Opinion
2012-02-9
Kevin J. Bauer, Albany, for appellant. Weeden A. Wetmore, District Attorney, Elmira (Kevin M. O'Shea of counsel), for respondent.
Kevin J. Bauer, Albany, for appellant. Weeden A. Wetmore, District Attorney, Elmira (Kevin M. O'Shea of counsel), for respondent.
Before: ROSE, J.P., MALONE JR., STEIN, McCARTHY and EGAN JR., JJ.
ROSE, J.P.
Appeal from a judgment of the County Court of Chemung County (Buckley, J.), rendered August 23, 2010, convicting defendant upon his plea of guilty of the crime of burglary in the second degree.
Defendant pleaded guilty to burglary in the second degree in full satisfaction of a six-count indictment with the understanding that County Court would sentence him to the minimum available sentence of 3 1/2 years in prison, to be followed by three years of postrelease supervision ( see Penal Law § 70.02). Following a review of the presentence investigation report, County Court informed defendant that it would not abide by the plea agreement and defendant was given an opportunity to withdraw his plea. After defendant rejected the offer to withdraw his plea, County Court sentenced defendant to 5 1/2 years in prison, to be followed by three years of postrelease supervision. Defendant now appeals and we affirm.
We reject defendant's contention that County Court erred by failing to abide by the terms of the plea agreement. “A trial court retains discretion in fixing an appropriate sentence up until the time of sentencing” ( People v. Yanus, 13 A.D.3d 804, 805, 786 N.Y.S.2d 264 [2004] [citations omitted]; see People v. Brunelle, 47 A.D.3d 1067, 1067, 850 N.Y.S.2d 668 [2008], lv. denied 11 N.Y.3d 786, 866 N.Y.S.2d 612, 896 N.E.2d 98 [2008] ). Moreover, “a sentencing promise made in conjunction with a plea is conditioned upon ‘its being lawful and appropriate in light of the subsequent presentence report or information obtained from other reliable sources' ” ( People v. Hicks, 98 N.Y.2d 185, 188, 746 N.Y.S.2d 441, 774 N.E.2d 205 [2002], quoting People v. Selikoff, 35 N.Y.2d 227, 238, 360 N.Y.S.2d 623, 318 N.E.2d 784 [1974], cert. denied 419 U.S. 1122, 95 S.Ct. 806, 42 L.Ed.2d 822 [1975]; accord People v. Haslow, 20 A.D.3d 680, 681, 797 N.Y.S.2d 784 [2005], lv. denied 5 N.Y.3d 828, 804 N.Y.S.2d 43, 837 N.E.2d 742 [2005] ). Finally, “[w]here a court determines that the negotiated sentence is not appropriate , it may impose an enhanced sentence if it first offers the defendant the opportunity to withdraw his or her plea” ( People v. Sanchez, 87 A.D.3d 1226, 1226, 930 N.Y.S.2d 86 [2011]; see People v. Haslow, 20 A.D.3d at 681, 797 N.Y.S.2d 784).

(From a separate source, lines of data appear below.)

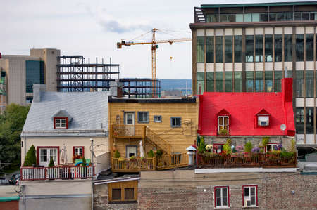 QUEBEC, CANADA – AUGUSTUS 21, 2010: Some typical houses from the old town and buildings in construction in the background in Quebec, Canada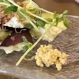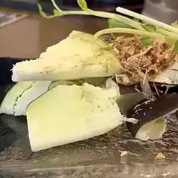 Raw water eggplant with a slightly sweet taste and unique texture. Eat it with ginger and soy sauce.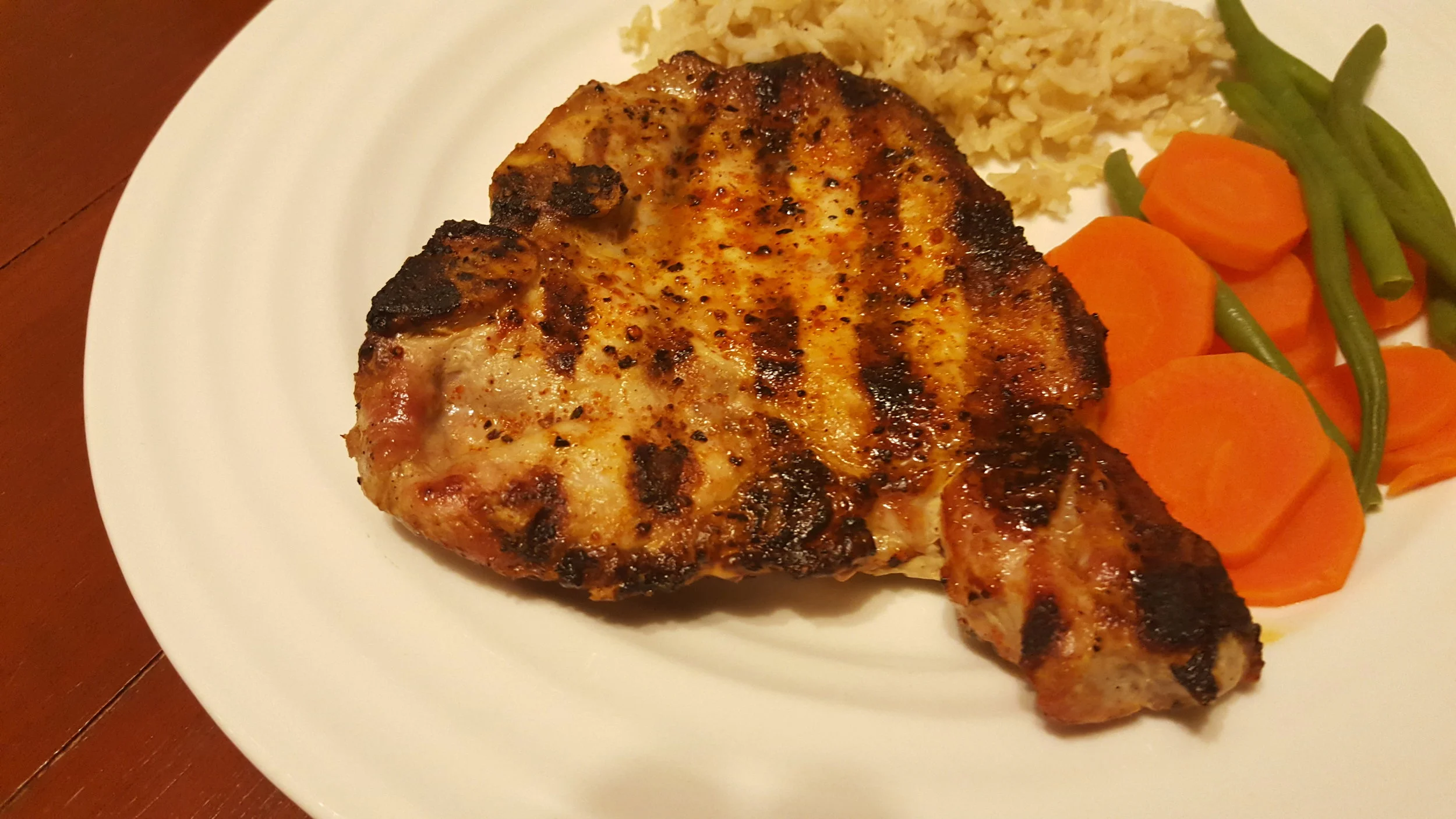My first cook was on a couple of bone-in pork chops on my gas grill. Before you hate on me for the gasser – I’m the father of a 2 year old who doesn’t understand yet that his food would taste better prepared over charcoal. He also doesn’t like to wait for his food. I also get off work at 5:00, and he goes to bed at 7:00. So, yeah a gasser is kinda necessary if I want to get any weeknight grilling in.

Here, County Court concluded that the negotiated sentence was inappropriate based upon information in the presentence report, including the circumstances surrounding an unrelated offense upon which defendant was then being held, the victim impact statements, defendant's criminal record and the fact that defendant was uncooperative in the preparation of the report. County Court then properly provided defendant with an opportunity to withdraw his plea, which defendant rejected. Accordingly, we find no abuse of discretion in the imposition of an enhanced sentence ( see People v. Wilson, 69 A.D.3d 970, 971, 892 N.Y.S.2d 627 [2010]; People v. Rubendall, 4 A.D.3d 13, 19–20, 772 N.Y.S.2d 346 [2004] ).
ORDERED that the judgment is affirmed.